Winans-Carter Corporation v. Jay & Benisch

258 A.2d 131 | N.J. Super. Ct. App. Div. | 1969

107 N.J. Super. 268 (1969)
258 A.2d 131

WINANS-CARTER CORPORATION, A NEW JERSEY CORPORATION, PLAINTIFF-RESPONDENT,
v.
JAY & BENISCH, A NEW JERSEY PARTNERSHIP, DEFENDANT-APPELLANT.

Superior Court of New Jersey, Appellate Division.

Argued September 15, 1969.
Decided October 24, 1969.

*270 Before Judges CONFORD, COLLESTER and KOLOVSKY.

Mr. Marvin A. Sachs argued the cause for appellant (Messrs. Feuerstein and Sachs, attorneys).

Mr. Alan R. Chesler argued the cause for respondent (Messrs. Lowenstein, Sandler, Brochin & Kohl, attorneys).

The opinion of the court was delivered by COLLESTER, J.A.D.

Defendant appeals from an order which granted summary judgment in favor of plaintiff in the amount of $15,000 and denied defendant's motion for leave to file an amended answer asserting the defense of contributory negligence.

The facts are fully set forth in the opinion of the court reported in 103 N.J. Super. 389 (Law Div. 1968). In brief, they show that the contents of plaintiff's warehouse at South Main Road in Vineland were insured for $100,000 by four fire insurance policies issued through the defendant, plaintiff's insurance broker, who for seven years had handled the bulk of its insurance business. On March 14, 1967 plaintiff notified defendant it was moving to a new warehouse at West Elmer Road and would require insurance coverage at both places while the transfer was being made. Defendant sent plaintiff binders advising they were for *271 insurance coverage during the transfer.
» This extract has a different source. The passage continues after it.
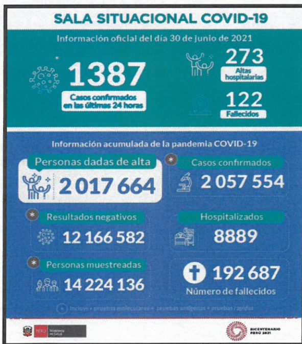
Imagen N° 01: Sala Situacional COVID-19 en el Perú, al 30 de junio de 2021.

De acuerdo a la Sala Situacional COVID-19 del MINSA, al día 30 de junio de 2021, el Perú presenta 2,057,554 casos positivos de 14,224,136 muestras y 192,687 fallecidos (ver imagen N° 01).

On April 3, after the transfer was completed, plaintiff notified defendant to cancel the insurance covering its former premises and to "make certain that coverage is now on [the] West Elmer address." On April 18 defendant sent plaintiff a letter stating that it was "enclosing endorsements changing the contents' coverage at Vineland from South Main Road to West Elmer Road."

On September 3 the new premises were completely destroyed by fire. It was then discovered that defendant, through the negligence of one of its employees, had failed to issue a binder or to procure a change of place endorsement for one of the four fire insurance policies — a policy issued by Commerce and Industry Company for $15,000. Defendant attempted to induce the insurance company to assume liability for the fire loss despite lack of the endorsement but without success. The fire loss was fixed at $97,577.31 and the other three insurance companies paid $82,577.31.

Plaintiff brought suit against defendant to recover the $15,000 loss resulting from its failure to transfer the Commerce and Industry insurance coverage. Plaintiff's complaint was in two counts charging (1) negligence and (2) breach of contract. Defendant's answer did not assert the defense of contributory negligence.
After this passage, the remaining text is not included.